For example, statutory payments such as sick pay or maternity pay are often thought of as employment law ‘rights’ but are actually dependent on whether there is a ‘secondary contributor’ (that is, someone that pays employers’ National Insurance). In cases where a worker is paid and taxed as self-employed, as those who work in the gig economy often are (whether or not they are a ‘worker’ for employment law purposes), there will not be a secondary contributor – and therefore no sick pay for them.

 

Anne Fairpo, Chair of LITRG, said: “The Taylor Review should not be seen as a comprehensive review of employment practices, because its terms of reference do not include tax. In our view you cannot understand one without the other.

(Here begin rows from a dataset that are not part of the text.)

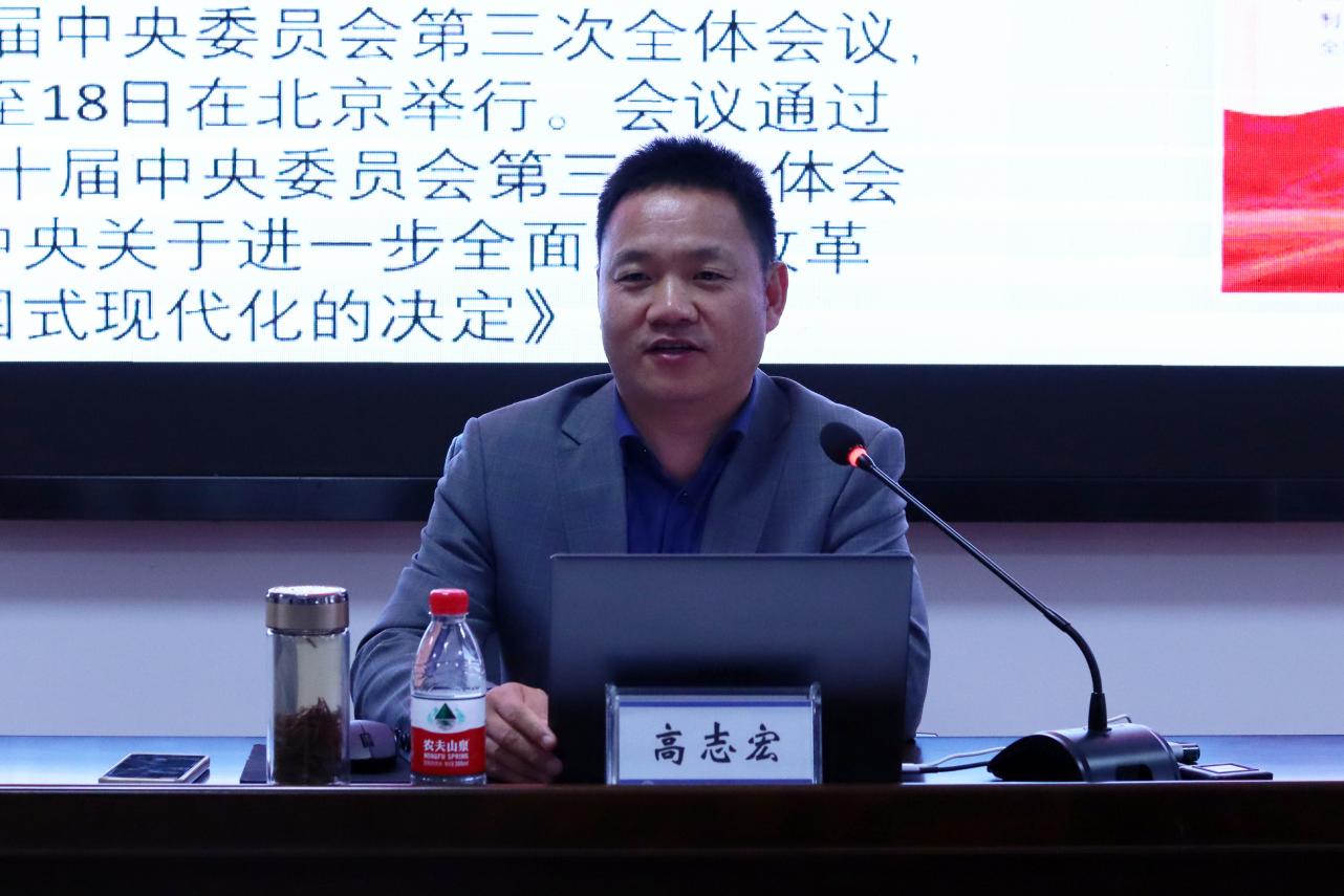 高志宏从回顾党史上的三中全会引入,紧扣党的二十届三中全会精神,围绕习近平总书记在党的二十届三中全会上的重要讲话和《中共中央关于进一步全面深化改革、推进中国式现代化的决定》主要内容,提出“为什么改”“改什么”“怎么改”,对全会精神进行了全面宣讲和深入解读。对于全会精神在学校、学院的贯彻落实,他强调,改革的成功并非易事,要以功成不必在我的精神境界和功成必定有我的历史担当,一张蓝图绘到底,一茬接着一茬干,求真务实,真抓实干,做到“抓铁有痕”“踏石有印”,以实绩实效和师生满意度检验改革。
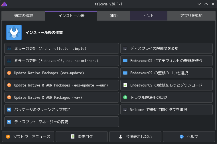 「MigMix」のインストールに関しては、「EndeavourOS - 2026.03.06 - 共通事項」をご参照ください。
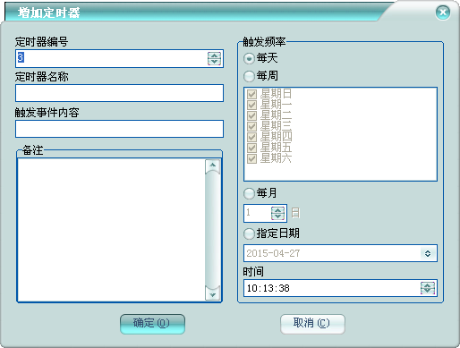 6.7 定時(shí)器: 設(shè)置后可定時(shí)聯(lián)動(dòng)預(yù)設(shè)好的各子系統(tǒng)控制動(dòng)作;例如可以通過(guò)定時(shí)器對(duì)防區(qū)或報(bào)警主機(jī)進(jìn)行布防、旁路等操作。
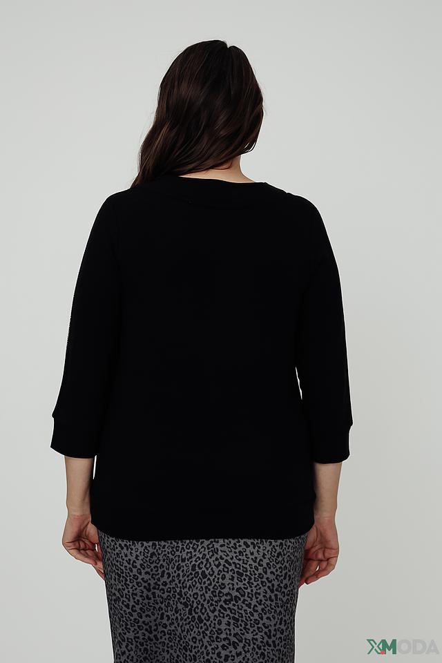 Чёрный пуловер Via Appia с рукавами 3/4 и декоративной отделкой — стильное и комфортное решение для создания повседневного образа. Модель дополнена шнурками на вырезе горловины и сверкающими элементами на рукавах. Состав: вискоза 59%, полиэстер 36%, эластан 5%
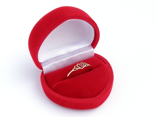 Przedmiotem aukcji jest subtelny pierścionek z motywem serca, w całości wykonany z żółtego lub z białego, rodowanego złota. W złotym serduszku oprawiony jest rubin - odwieczny symbol miłości, wierności i trwałości uczuć. Dodatkowa warstwa twardego, szlachetnego rodu zabezpiecza biżuterię przed nadmiernym rysowaniem się powierzchni i dodaje jej blasku.
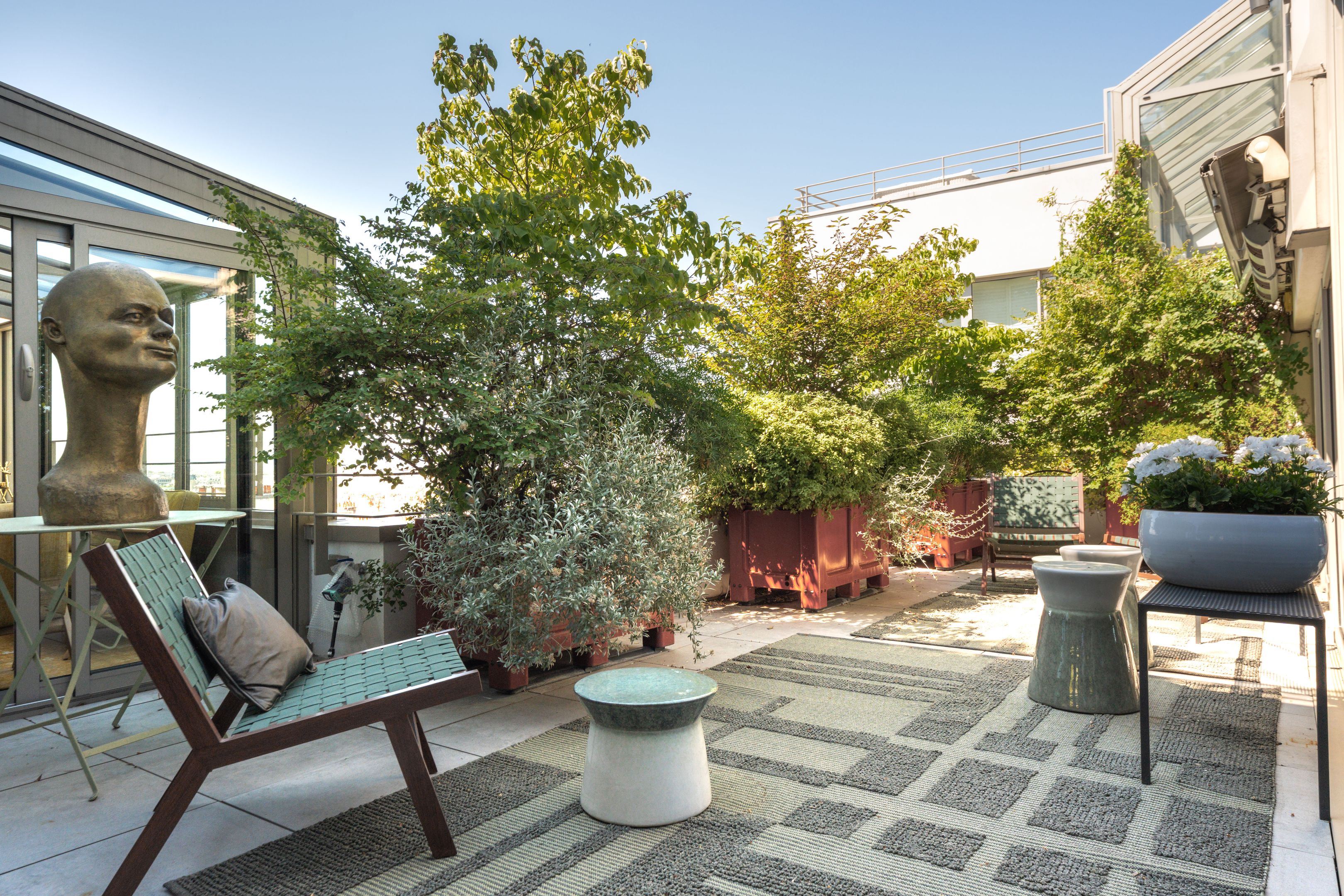 À l’étage, deux suites raffinées dont une master de 29 m² avec salle de bains, dressing et accès direct à un patio paysagé. Un escalier mène au toit-terrasse privatif : véritable jardin suspendu, idéal pour recevoir, se détendre ou simplement admirer Paris sous tous ses angles.

We think that a comprehensive review of tax and related issues and non-standard work should be carried out as a matter of urgency and hope that such a recommendation is made by Matthew Taylor and his panel.

 

“Exploitation of workers often manifests itself in problems with their tax and National Insurance contributions (NICs) such as employers not paying over withheld amounts of Pay As You Earn (PAYE) to HMRC. Even where there is no legal wrongdoing as such, minimising tax or trying to avoid HMRC administration is often a factor in terms of employers offering non-standard forms of work, for example, zero-hours contracts or temporary positions over full-time, permanent, direct employment.

 

“Not only can this type of work make workers’ lives insecure and unfulfilling but there is a huge knock-on effect on public finances, with much of the welfare system funded from general taxation – surely a longer term consideration when thinking about a worker’s security.”

 

LITRG is also concerned about a lack of synergy in that there are just ‘employed’ and ‘self-employed’ categories in taxation but three categories in employment law: ‘self-employed’, ‘worker’ and ‘employed’. It says the complexity and inconsistency of these status tests are a huge cause for concern when thinking about low income workers and one of the reasons confused workers miss out on their rights.